Here's the full quote from the MS Resource Group docs:
When you create a resource group, you need to provide a location for that resource group.
You may be wondering, "Why does a resource group need a location? And, if the resources can have different locations than the resource group, why does the resource group location matter at all?"
The resource group stores metadata about the resources. When you specify a location for the resource group, you're specifying where that metadata is stored. For compliance reasons, you may need to ensure that your data is stored in a particular region.
To ensure state consistency for the resource group, all control plane operations are routed through the resource group's location. When selecting a resource group location, we recommend that you select a location close to where your control operations originate. Typically, this location is the one closest to your current location. This routing requirement only applies to control plane operations for the resource group. It doesn't affect requests that are sent to your applications.
If a resource group's region is temporarily unavailable, you can't update resources in the resource group because the metadata is unavailable. The resources in other regions will still function as expected, but you can't update them.
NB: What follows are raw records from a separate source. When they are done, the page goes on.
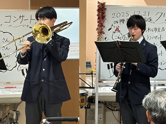 浜松市立高校の吹奏楽部の生徒さん4名が
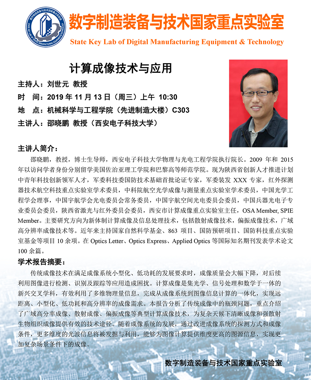 11.13 10:30AM 西安电子科技大学邵晓鹏教授学术报告
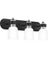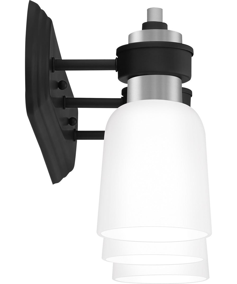 The transitional style of the Conrad collection is both sleek and modern. A stately silhouette finished in matte black and accented with brushed nickel creates the perfect amount of sophistication, and the etched glass shades add a pleasant glow to any room.
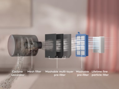 HEPA 11-filtret fångar även de minsta dammpartiklarna, vilket säkerställer en ren och pollenfri miljö efter varje dammsugning. Dessutom är filtret tvättbart, vilket betyder att du kan ta ut det, rengöra det och sätta tillbaka det i dammsugaren.
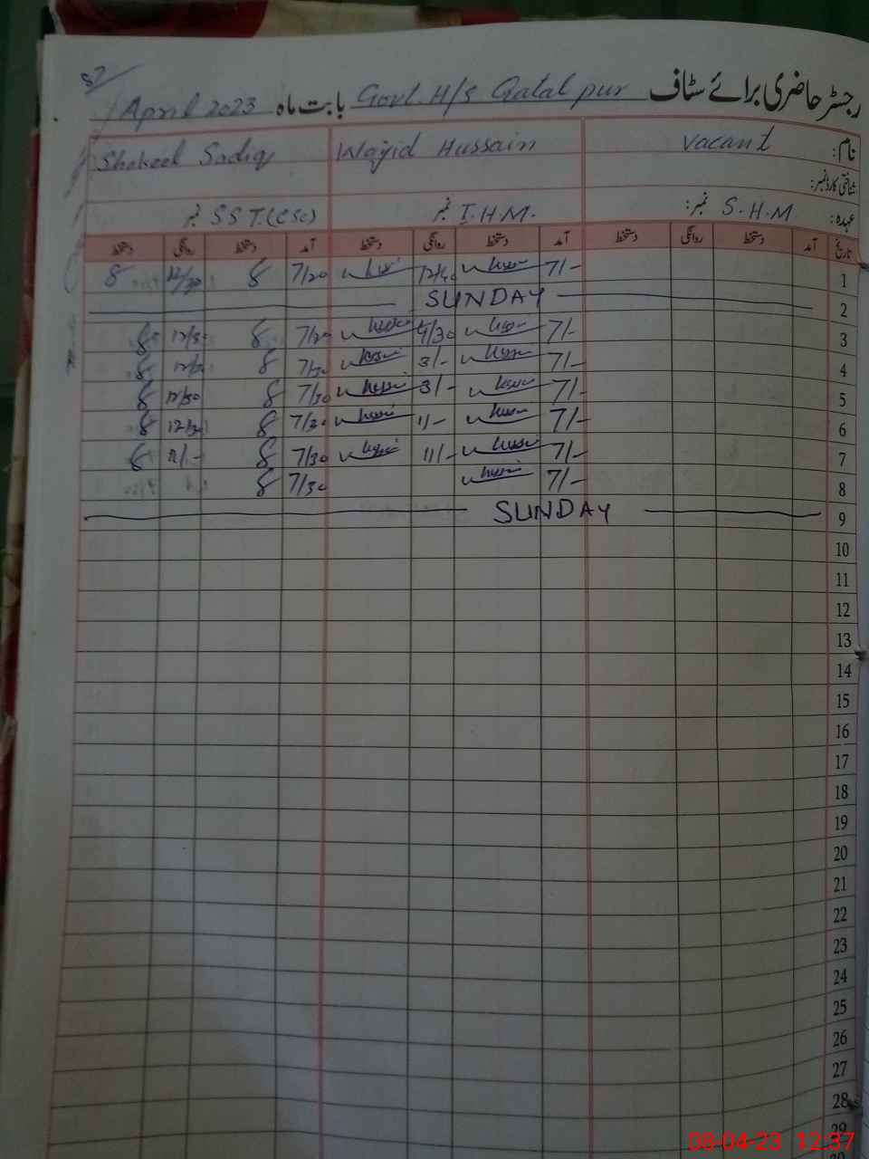 | 36**** | Kh**** Ha**** | SST | Regular | 0 | 0 | 0 | 0 | 0 | 0 | 0 | 0 | 0 | Exam Duty |
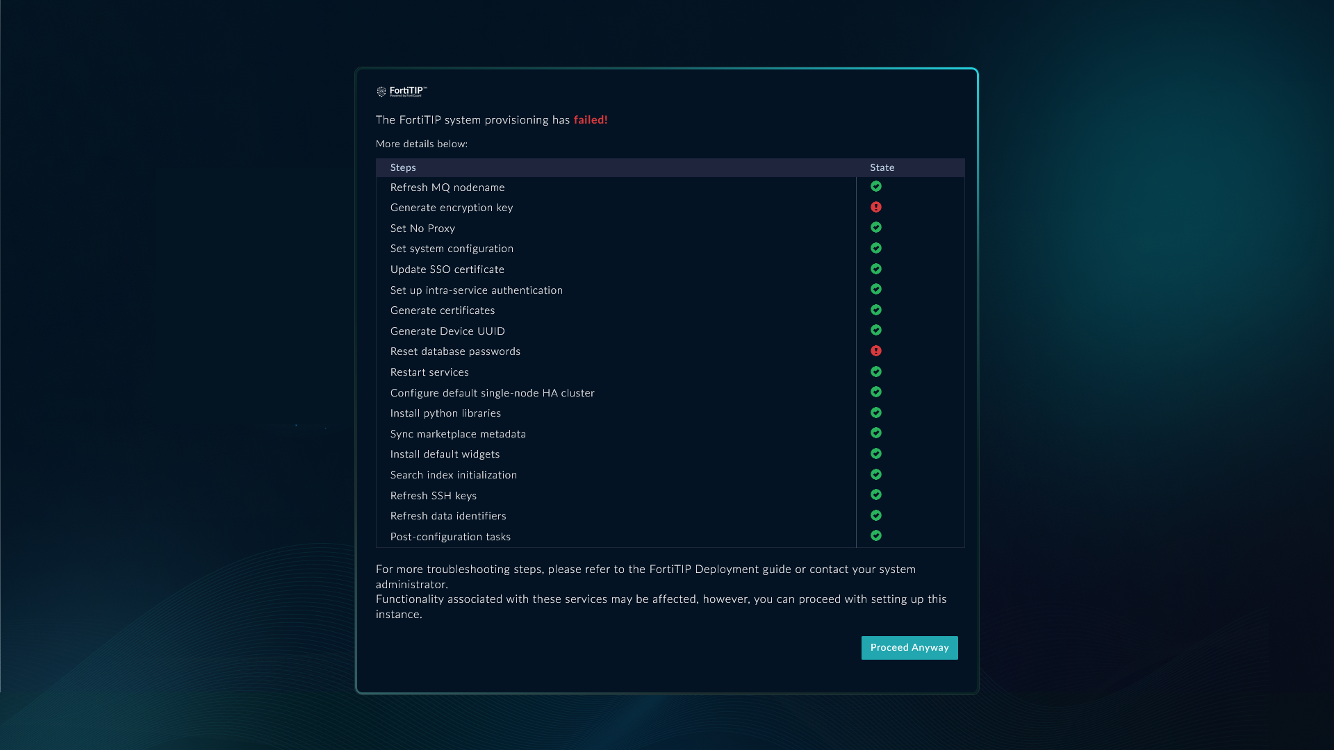 If there are any provisioning issues, such as failures during the initial configuration phase using the automated non-interactive FortiTIP Cloud configuration wizard, including failures while configuring the embedded Secure Message Exchange, then a failure screen detailing the status of each configuration step is displayed, making it simpler to identify the issue. Before using FortiTIP Cloud, you must use WebSSH to resolve the issue before proceeding. If you choose to continue without fixing the issues, FortiTIP Cloud functionality may be impaired. A Proceed Anyway button allows you to continue, acknowledging the configuration failure:
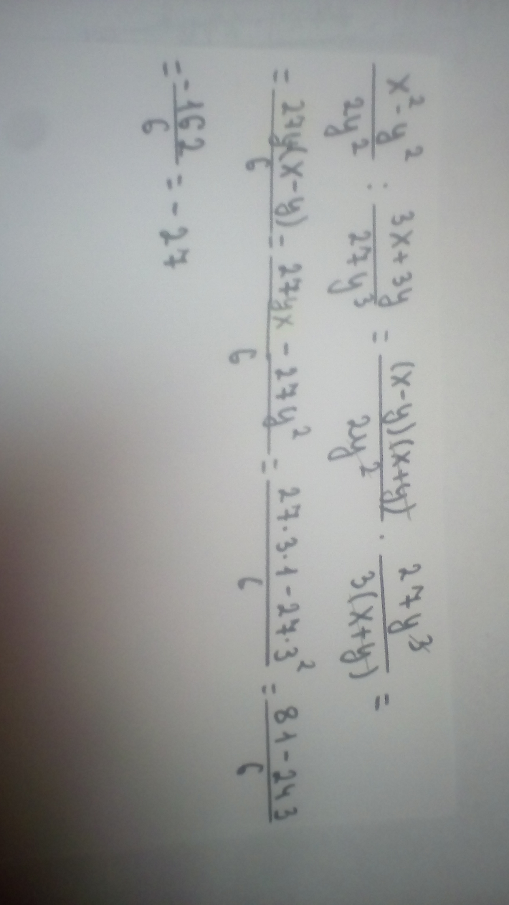 =(x-y)(x+y) /2y² * 27y³/3(x+y) =9y(x-y) /2
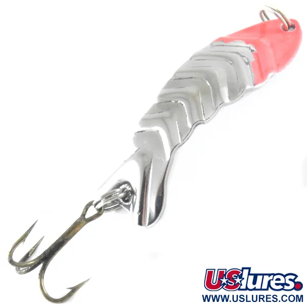 Con un peso di 8g (1/4oz), questo ondulante da lancio di produzione americana presenta un corpo striato distintivo progettato per riflettere la luce da più angolazioni. Lungo 5cm (2"), la superficie nichelata è completata da un vivace accento rosa sulla parte superiore, una combinazione di colori spesso utilizzata per la visibilità in varie condizioni dell'acqua. Il nome "SHARPIE" è stampato direttamente nel metallo sul lato inferiore, identificando l'esca insieme al codice prodotto 4234. Questo esemplare è in condizioni eccellenti (valutazione 5/5), caratterizzato da una finitura lucida e riflettente e vernice intatta. È armato con i suoi anellini originali e un'ancoretta affilata, a dimostrazione della qualità della sua produzione nazionale. La trama a scaglie del corpo principale offre un profilo fisico unico rispetto ai classici cucchiaini lisci.
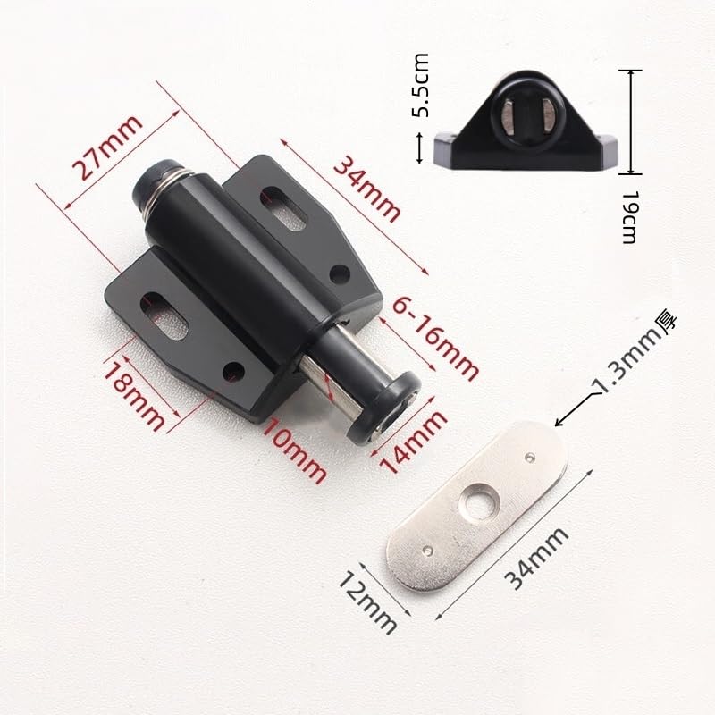 AILEWE プッシュラッチ マグネット式,シングル,ショート,ブラック,19x33x38mm,4個入り,プッシュマグネットキャッチ,ABS厚肉設計,キャビネット、引き出し、オーディオラック、収納家具DIY用,ネジ付き (ブラック)
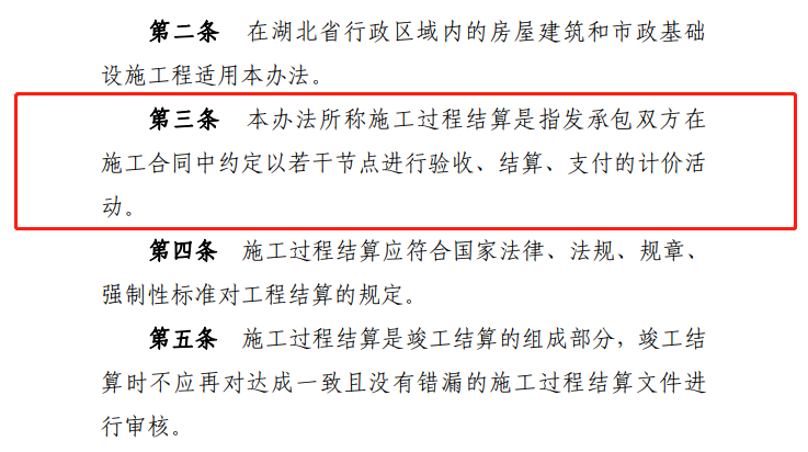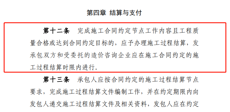 本條定義何為施工過程結(jié)算,相較住建部2021年發(fā)布的《建筑工程施工發(fā)包與承包計價管理辦法》(修訂征求意見稿)第十九條規(guī)定“全面推行施工過程結(jié)算和支付。發(fā)承包雙方通過合同約定,按時間節(jié)點(diǎn)或進(jìn)度節(jié)點(diǎn)對周期內(nèi)已完成且無爭議的工程量進(jìn)行價款計算、確認(rèn),并按照合同約定比例支付。”《暫行辦法》增加了節(jié)點(diǎn)驗收,驗收是節(jié)點(diǎn)結(jié)算與支付的前提。

This condition doesn't apply to global resources like Azure Content Delivery Network, Azure DNS, Azure DNS Private Zones, Azure Traffic Manager, and Azure Front Door.
For more information about building reliable applications, see Designing reliable Azure applications.
To minimize the number of region failures that can impact your services and your ability to manage them, I recommend having your resource group be in the same region as all of its resources.
Reasons to consider using a different resource group region than what the resources use:
- For data compliance reasons.
- If you have multiple resources in different regions together in the same resource group, then you just have to pick a region for the resource group to use.